December 5, 2012 – A new study from the David Eccles School of Business at the University of Utah reveals that, in spite of its shortcomings, the controversial Troubled Asset Relief Program (aka TARP) has been effective despite initial concerns about its restrictions on executive pay.
One of the biggest criticisms of TARP, the $700 billion program infamous for its use to rescue AIG, General Motors, Bank of America, Citigroup, Wells Fargo, JPMorganChase and other firms, was its limits of executive pay for recipients. They were meant to end a spate of “golden parachute” exits by leading officers of failing companies, as well as their collecting of huge bonuses. Critics claimed the policy would lead to a “brain drain” of firms’ best and brightest to non-participating corporations.
In a paper published this fall in the Journal of Business Finance & Accounting, “Executive Compensation Restrictions: Do They Restrict Firms’ Willingness to Participate in TARP?”, University of Utah researcher Brian Cadman writes that while some executives did bail out of their troubled firms, those companies went on to recover and even thrive.

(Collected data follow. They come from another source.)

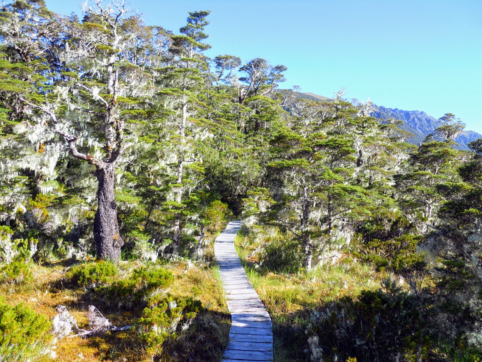 The track condition is generally good with plenty of boardwalk, track markers and a mostly finely benched track to follow. Later on as you pass Cannibal Gorge Hut the track gets a bit rocky and undulating under foot...
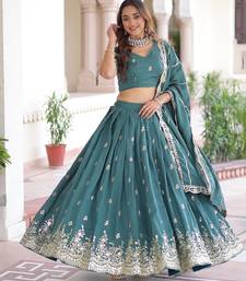 | Product Description | Desirable Women's Lehenga Made With Vichitra Silk With Rich Sequins Embroidery Work Blouse And Designer Embroidered Work Dupatta Lehenga: (Full Stitched) Vichitra Silk With Sequins & Zari Multi Embroidered Work Length : 42'' Waist : 42'' Inner : Cotton Flair : 3 Mtr Closure : Chain Attached & With Dori Latkan Stitching Type : Stitched With Canvas Patta Blouse: (Un Stitched) Vichitra With Rich Sequins & Zari Multi Embroidered Work Length : 1 Mtr Dupatta Vichitra Silk With Sequins & Zari Multi Embroidered Attractive Lace Border. Length : 2.3 Mtr |
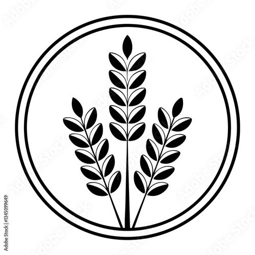 © Diclonius, Fototapeta premium A stylized illustration of wheat inside a circle. The image showcases a simple yet elegant design, emphasizing the wheat stalks' form
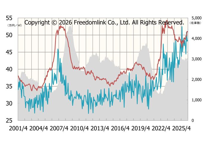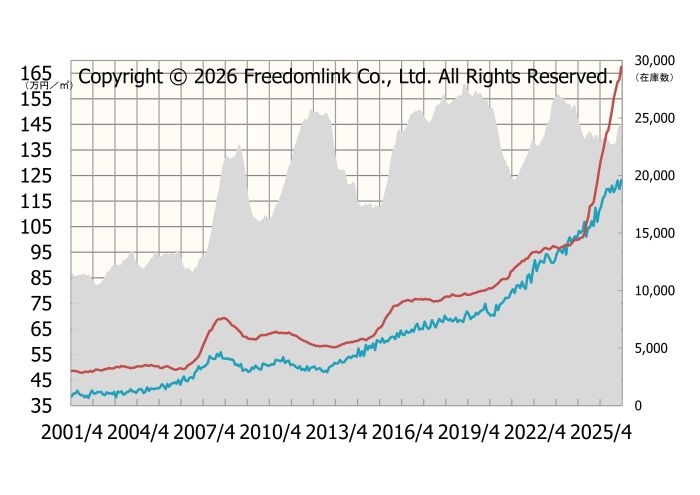 グラフ赤(折れ線):土地売出平米単価(東京)
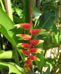 This helinconia bears drooping inflorescence and flowers shaded from red to yellow.
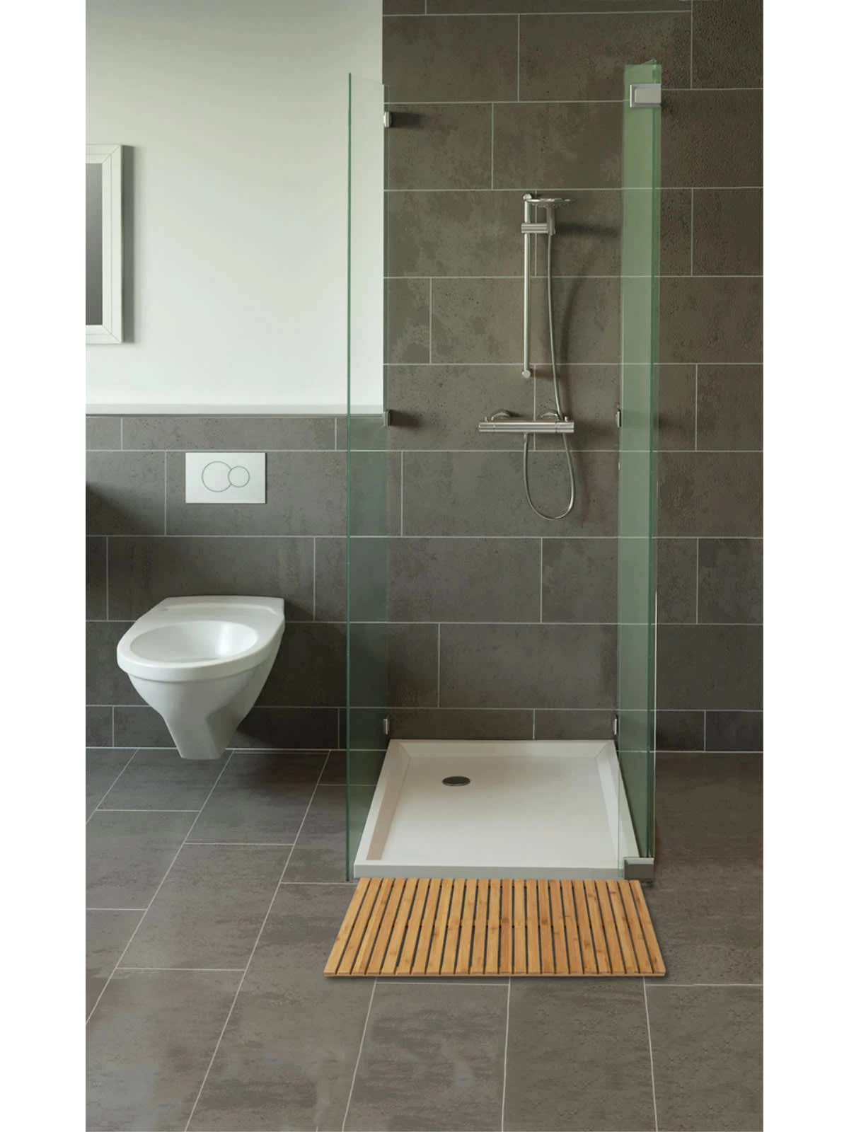Die praktische Badematte Indoor & Outdoor ergänzt die Badezimmer-Einrichtung um ein funktionelles, natürliches Element bei Dusche und Badewanne.
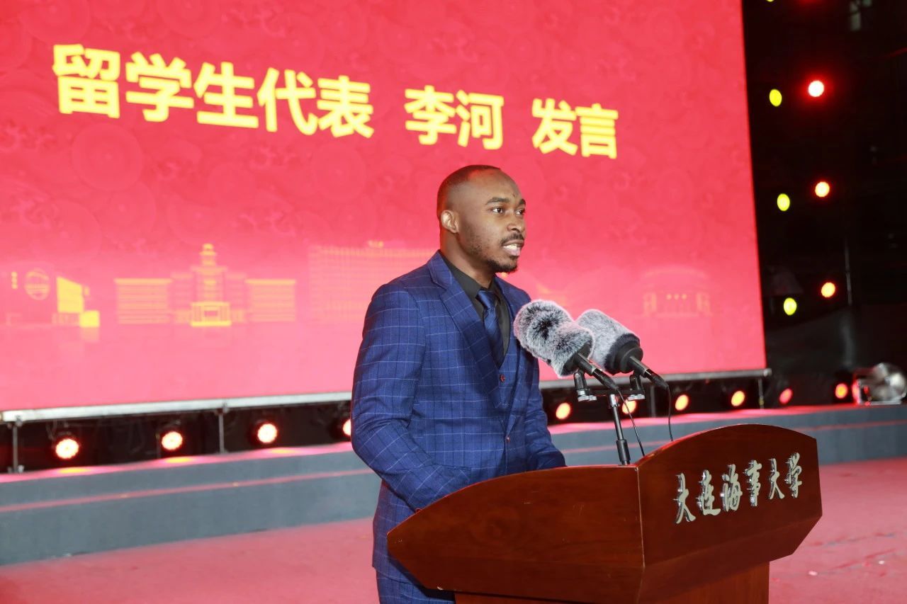 来自刚果(金)的李河同学代表留学生新生发言,他回顾了自己本科期间在海大的成长,见证了中非合作为家乡发展带来的变化,表示将继续努力学习,今后运用所学的知识,为促进中非友好合作贡献力量,他号召同学们携手努力,为构建“人类命运共同体”贡献青春和智慧。
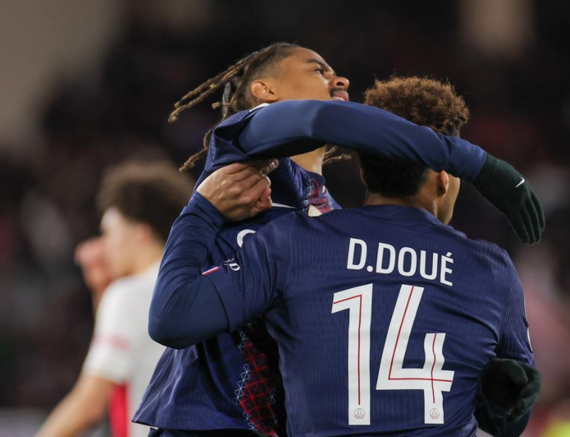 第18分钟,巴黎圣日耳曼再次丢球。阿克利乌什送出直塞球,巴洛贡前插,突入禁区,低射近角,球进了!24岁的巴洛贡梅开二度!第20分钟,克瓦拉茨赫利亚被放倒,巴黎圣日耳曼获得点球机会。维蒂尼亚主罚,结果他射出的点球被扑了出去,太可惜了。第27分钟,登贝莱受伤下场,杜埃替补上场。

“Our most important finding, in fact, was that compensation restrictions led to a more efficient allocation of the TARP funds,” said Cadman, an assistant professor of Accounting at the David Eccles School of Business. “It’s not that we want to argue that asset relief should always come with ways to limit executive compensation, but in this case those limits actually helped the government allocate TARP funds more efficiently.”
Further, Cadman and fellow researchers Mary Ellen Carter of Boston College and Luann Lynch of the University of Virginia found that “those who needed [TARP] took the money and ended up performing as well as those who didn’t.”
Indirectly, the study also may be instructive to economists and business leaders worried about the twin threats of the nation’s pending “fiscal cliff” – the draconian cuts and tax hikes the federal government faces at year’s end without reforms – and the looming threat of a renewed recession if budget woes, and the nation’s $16 trillion-plus debt, are not addressed.
“From an academic standpoint, the type of increased lending represented by TARP increased the national debt at a time of credit crisis. Whether the long-term payback of this will outweigh the cost? That’s hard to say,” Cadman acknowledged. “But the positive we documented is that TARP did actually increase lending from recipient banks, and that, in effect, led to a healthier economy.”
Cadman and his colleagues reached their conclusions by comparing economic and compensation characteristics from 228 firms that accepted TARP funds to 35 other firms which, though approved for TARP, opted to decline the aid.